Currently, there is a demand for old containers for sale in the Kanto region, resulting in a shortage and higher container prices. This is thought to be due to demand for used car exports to Russia. According to the International Automobile Dealers Association (iATA), the number of used cars exported from Japan in 2022 was 1,237,814 units, up 1.0% from the previous year, with 213,526 units destined for Russia, accounting for 17% of the total. Here, too, there was the special demand in Russia. This is the cause of high used car prices. Even without the special demand in Russia, used Japanese cars are very popular, so we hope that the government will make the wise decision to stop exports to Russia.

 

Newbuild Container Prices for February 2023

 The February 2023 newbuild container price increased by $50 to $2,150 per 20f. The February newbuild container count was 69,917 TEU (Dry: 58,580 TEU, Reefer: 11,337 TEU). Newly built containers in the factory totaled 932,709 TEU (Dry: 870,290 TEU, Reefer: 62,419 TEU). Down 33,897 TEU from last month. The number of units shipped from the factory in February was 103,814 TEU (Dry: 91,164 TEU, Reefer: 12,650 TEU)

 

Expect consumption to increase due to the lifting of mask rule

For whom has long refrained from going outside due to the COVID-19 disaster, the reality of the human psychology, that craves the outdoors from indoors, seems to be universal as a human behavioral science. Even in sluggish Japan, department stores, shopping malls, and theme parks are crowded with many people wearing masks.

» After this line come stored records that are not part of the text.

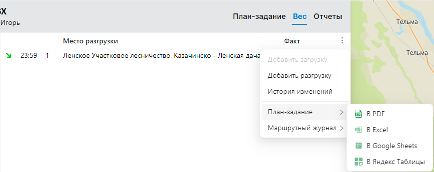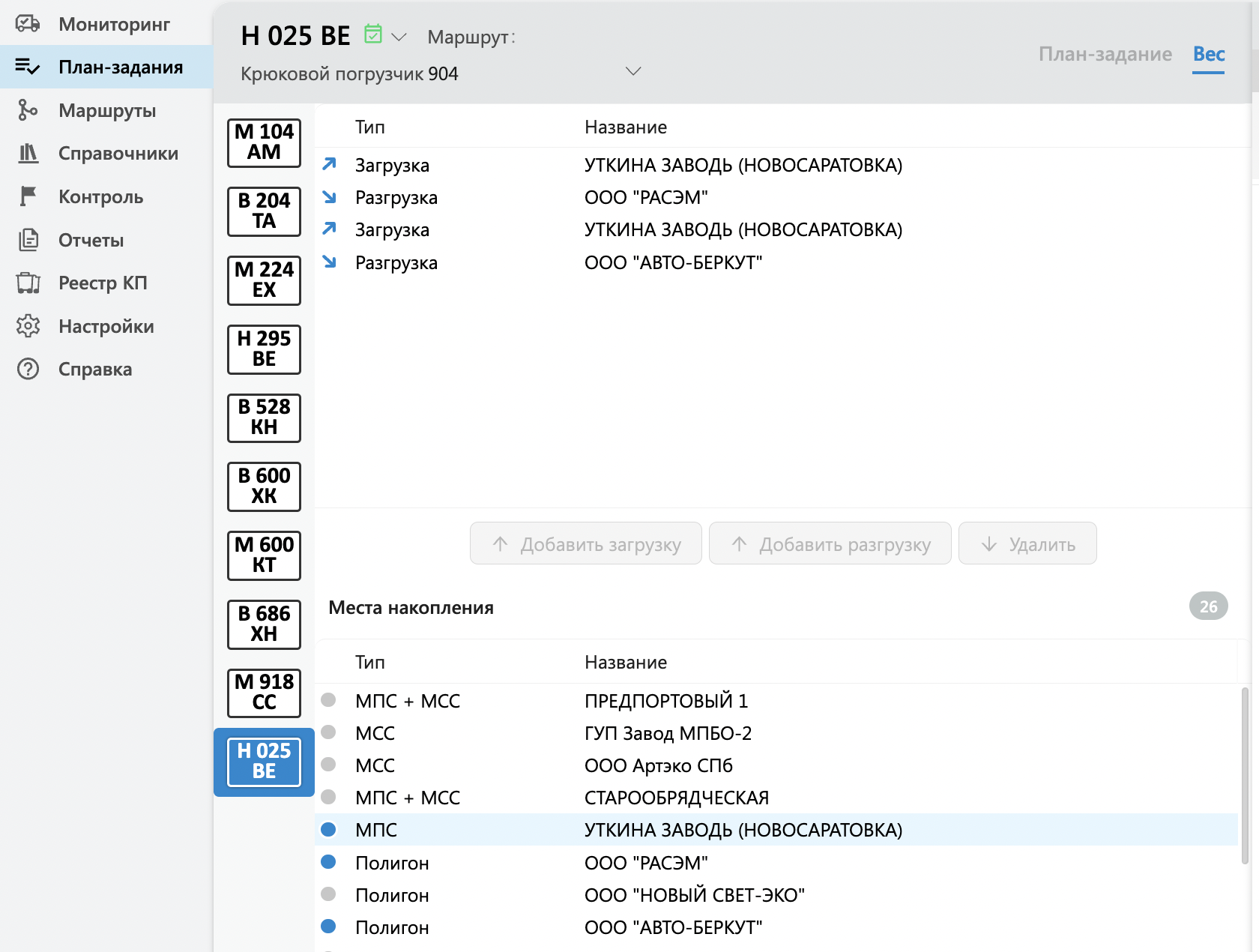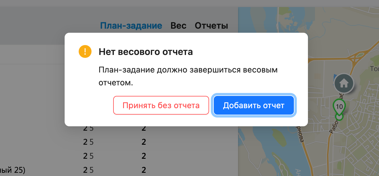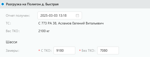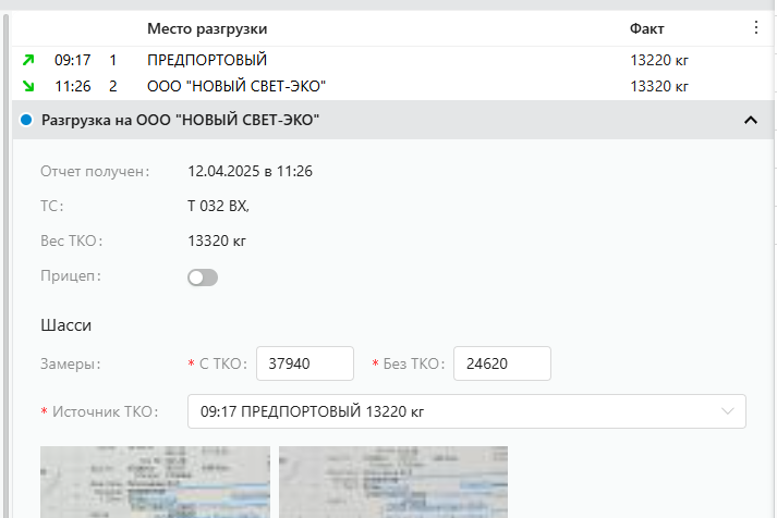 - Весовой отчет скорректируется при изменении веса разгрузки в мониторинге
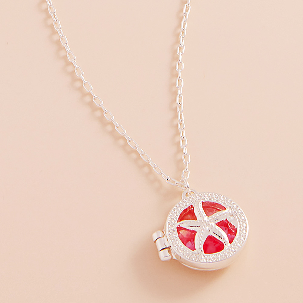 Details • Necklace Size : 17.25" + 3" L • Pendant Size : 0.6" X 0.6" • Charming round locket necklace featuring a starfish cutout over a textured background. A unique piece ideal for beach lovers and those seeking ocean-themed accessories. • Lead and Nickel Compliant
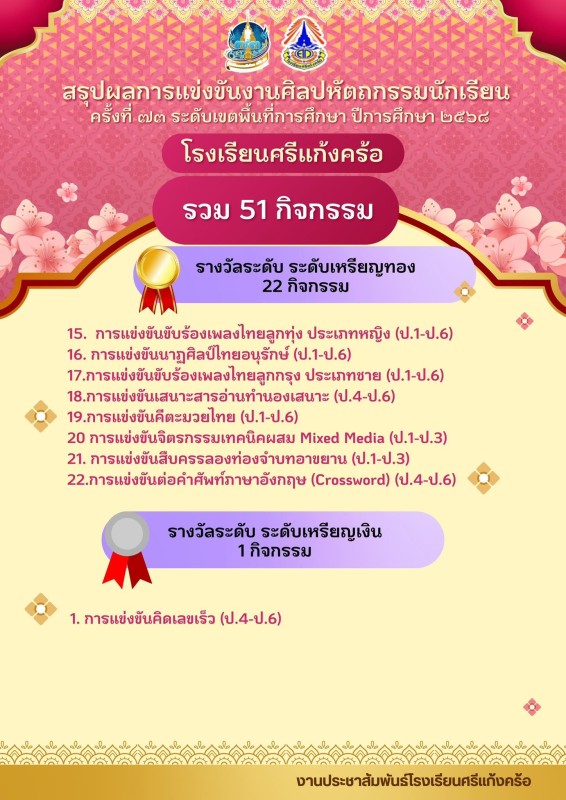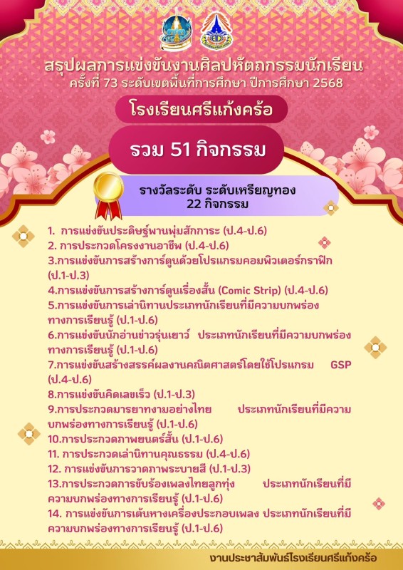 โรงเรียนแก้งคร้อ สรุปผลการแข่งขันงานศิลปหัตถกรรมนักเรียน ครั้งที่ 73
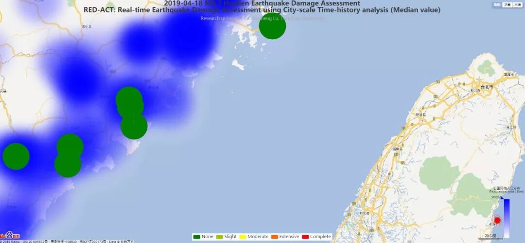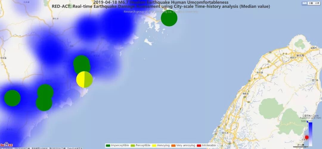利用密布强震台网在震后获取的实时地震动信息,再结合城市抗震弹塑性分析,就可以得到地震发生后不同地点的建筑破坏情况,为抗震救灾决策提供科学支撑。图4为根据20190418台湾花莲县6.7级地震震中附近范围内台站记录分析得到的建筑震害分布示意图,图5为根据20190418台湾花莲县6.7级地震震中附近范围内台站记录分析得到的人员加速度感受分布示意图。
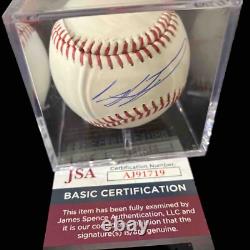 The product is a Baltimore Orioles OMLB Baseball signed by Jackson Holliday, authenticated by James Spence Authentication (JSA). The baseball is an original autograph and not a reprint. This collectible item would be a valuable addition for any fan of the Baltimore Orioles or baseball memorabilia collectors. The signature of Jackson Holliday adds a personalized touch to the baseball, making it a unique and special piece for fans of the sport.
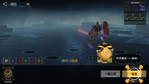 3、接着点击出击,选择要上场的高达机体
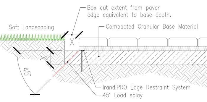 Particular care must be taken to ensure that the width of the box cut is sufficiently far from the edge of the pavers to enable an equivalent length of base material depth can be installed. This approach ensures that any load on the edge of the pavers is transmitted to the subgrade via base material.
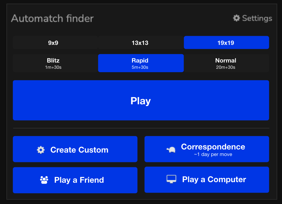 A word about the board size selection: while I think flexibility is good in allowing people to select multiple sizes while they search, we should follow a simpler and more typical UX of choosing one specific size while searching. I think that most people searching for a game know what size board they want to play and do not want to play other sizes. I have actually made the mistake of having multiple sizes selected and having to cancel out my game because I did not mean to play 9x9.

Cheering enthusiastically at sports games is an essential stress reliever. The Ministry of Health, Labor and Welfare has decided to leave the wearing of masks to individual judgment starting next week, March 13. In some cases, wearing a mask is recommended, but not mandatory.

It is very good for the human spirit that the fear of COVID-19 infection is diminished and many people can regain the joy of going out in safety, talking with friends, enjoying food and drink, and so on. I expect that consumer activities will flourish with demand for fashion, new car purchases, and increased eating out. However, in my case, hay fever has become more pronounced since last week, and I cannot stop sneezing, running my nose, crying, blowing my nose too much, and even getting nosebleeds, which is very terrible condition, so I will not be able to take off my mask for a while.